By Justino Gordón-LeChevalié


For more than 140 years, the St. Louis Symphony Orchestra has enriched lives through the transformative power of music. Key to the SLSO’s enduring impact has been nurturing a range of community partnerships that expand access to symphonic music. As the organization looks to the future, collaborations with artists, social service agencies, schools and educators, and other institutions will play an increasingly vital role in sustaining the SLSO as a vibrant community asset.

Members of the SLSO IN UNISON Chorus, as well as several other singing groups, join together for a collaborative concert at Powell Hall in May 2023..

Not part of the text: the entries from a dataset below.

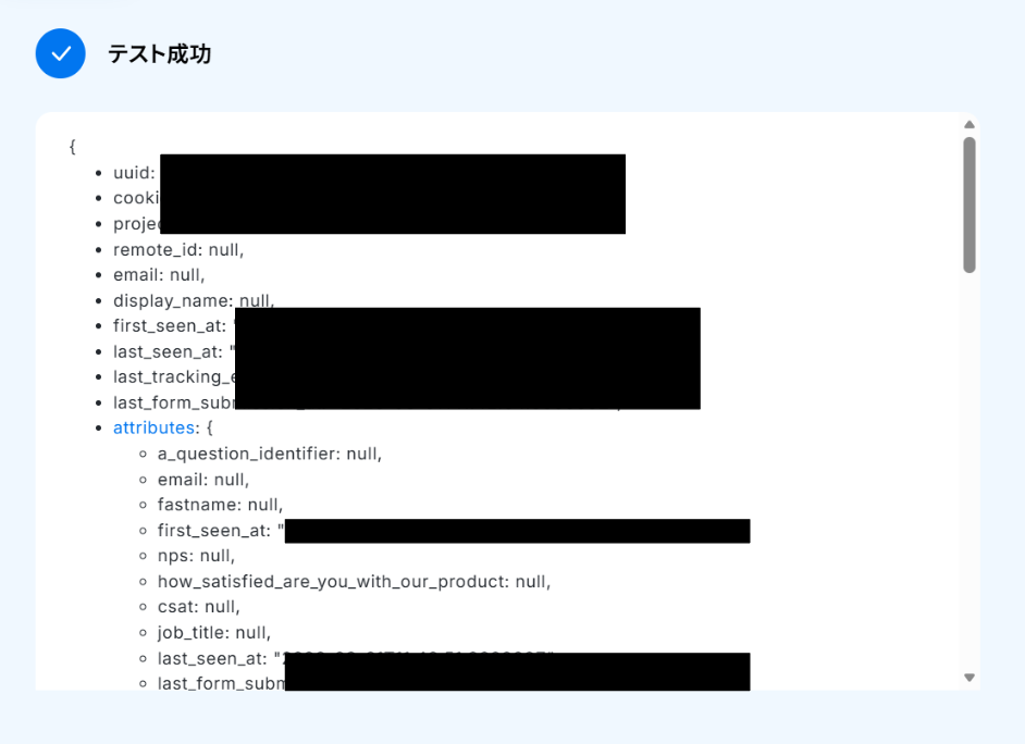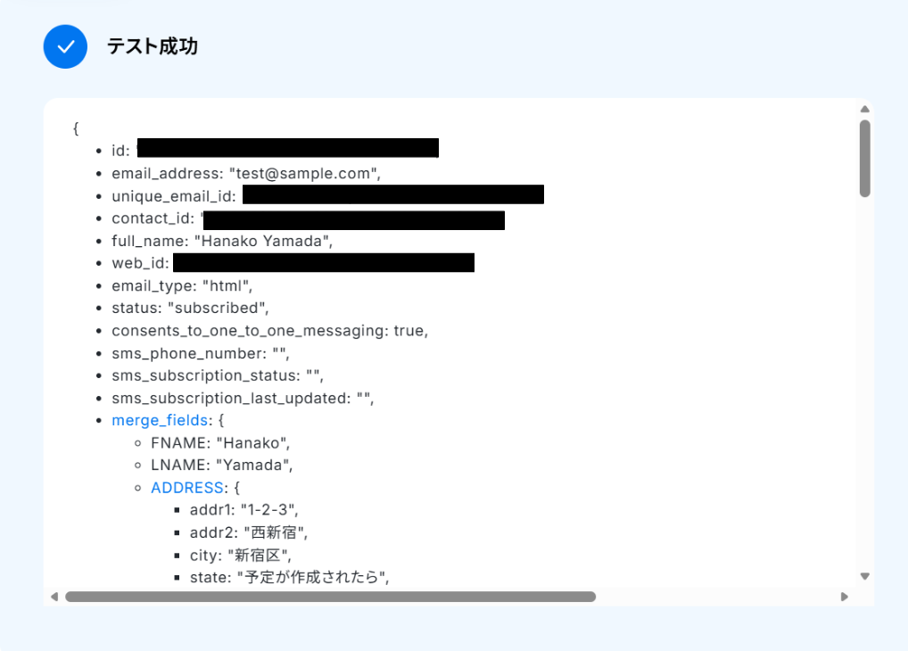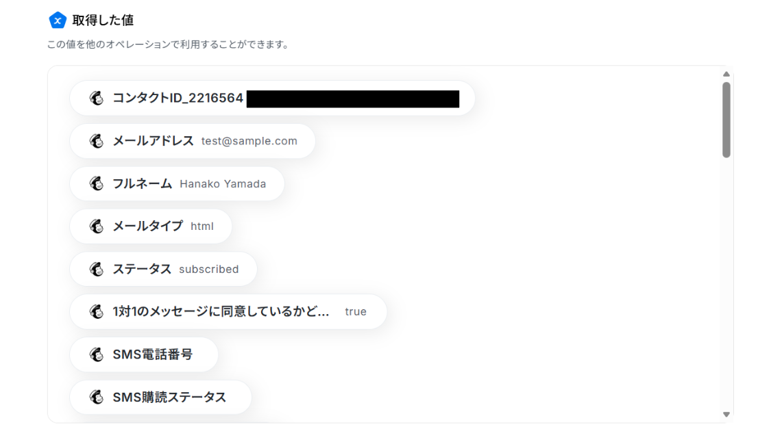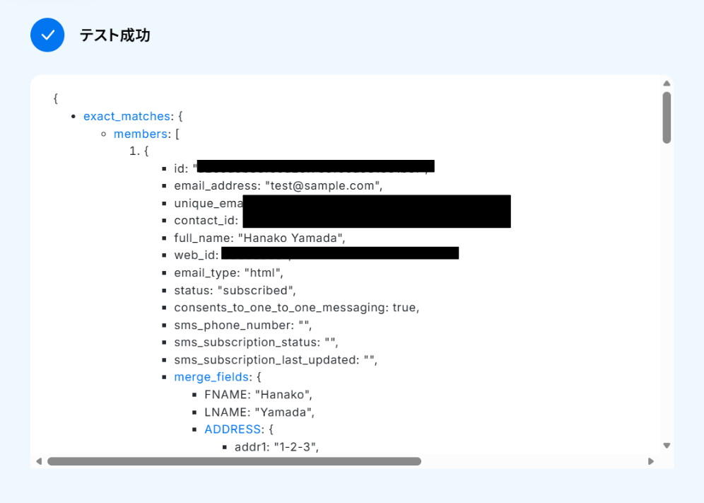 テストに成功すると「取得した値」にMailchimpのコンタクト情報が反映されます。
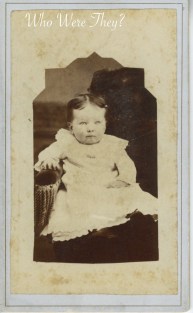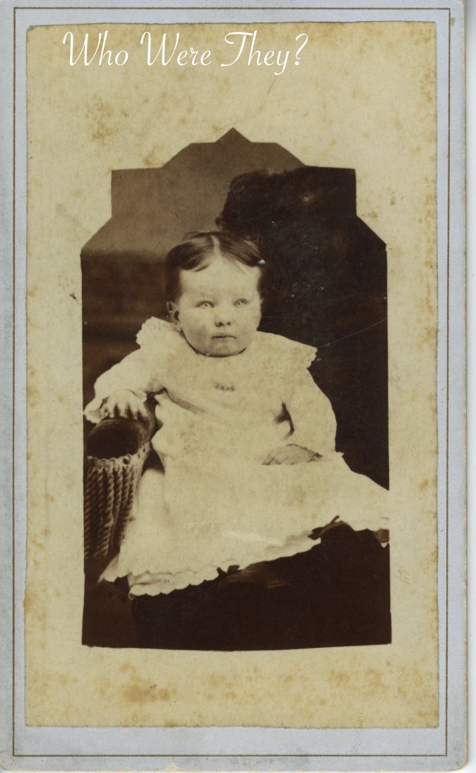 I picked up this CdV because of the child’s eyes. They are quite haunting…and a little creepy. Click the photo to enlarge it. I wondered if this might be an example of a photographer having painted eyes onto the photo plate of a memento mori photo. The shop was closing, I had to go, so I couldn’t sit and examine the photo there (besides I didn’t have my magnifying glass with me, my poor eyeballs don’t see like they used to!). After having enlarged the photo on the computer, I have concluded that the child has light colored eyes, probably light blue, but is also quite alive. Often in old photos, the light eye colors photograph in light gray. Green and blue eyes have many variations to their natural colors, but the old photo processing couldn’t capture the nuances of them. With such light eyes on this baby, they photograph almost white.
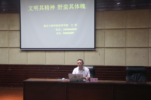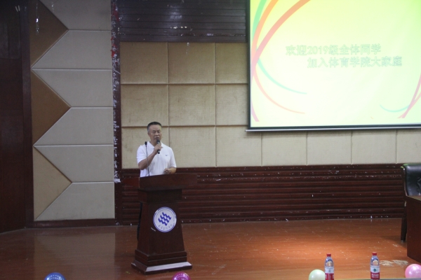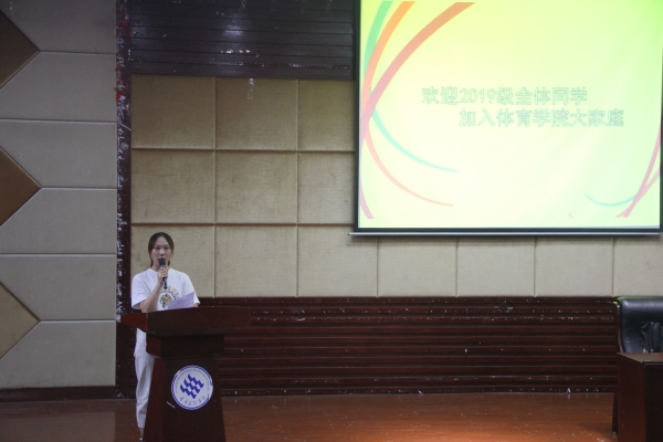 本次见面会暨入学教育共有两个环节。一是师生见面会。主持人通过PPT逐一向新生介绍了老师的基本情况;教师代表齐效成、学生代表梁玉婷分别立足于各自视角发言并为新生给出了具体建议。二是新生入学教育。王勇副院长为新生讲授“文明其精神,野蛮其体魄”,讲解了教学相关制度,从体育系的成立和发展为切入点,充分阐释了文理体育人奋斗不息的精神,他希望同学们能按要求做事、为目标准备、为理想奋斗。

Earlier this year, the SLSO adopted an Equity, Diversity, and Inclusion action plan aimed at fostering a deeper sense of belonging across the organization. A central component of the plan leverages partnerships throughout the region to advance inclusion and welcoming to the SLSO.  Whether through artistic collaborations that enhance the symphonic music experience and demonstrate the vitality of the St. Louis arts scene or partnerships that reduce barriers to entry, the SLSO has crystallized community partnerships throughout the region as a key priority today and into the future. 


Artistic Partnerships

The opening weekend of the 2021/2022 season saw the start of a new artistic partnership between the SLSO and The Big Muddy Dance Company. Through a cello concerto titled DANCE by English composer Anna Clyne, SLSO audiences experienced the intersection of dance and live music—and a preview of how Stéphane Denève, The Joseph and Emily Rauh Pulitzer Music Director, sees symphonic music interacting with other art forms.


“Music is storytelling,” Denève said. “I am energized by how our artform coalesces with others to enhance the experience of live music.”


The joint artistic expression between the SLSO and The Big Muddy Dance Company first experienced in 2021 returns in the 2023/2024 season, the orchestra’s 144th. Kirven Douthit-Boyd, choreographer for DANCE and now Artistic Director of the company, set Adam Schoenberg’s Picture Studies to choreography, performances of which will be conducted by Denève, and enhanced by dancers at the Stifel Theatre on March 16-17.  


“Dance adds another layer to how we hear music,” Douthit-Boyd said about collaborating with the SLSO.


Dance is just one example of collaborations that add another artistic layer to the 23/24 season. Visual art meets the symphonic world on January 27-28 in the Musical Fables program. Artist Gregoire Pont’s visual representation of Albert Roussel’s The Spider’s Feast will be projected in the Stifel Theatre as the orchestra gives the first St. Louis performances of 1912 ballet-pantomime. And during performances of Sergei Prokofiev’s Peter and the Wolf, the 2008 Academy Award-winning short film of the same name by Suzie Templeton will allow audiences to imagine the classic story in a new way.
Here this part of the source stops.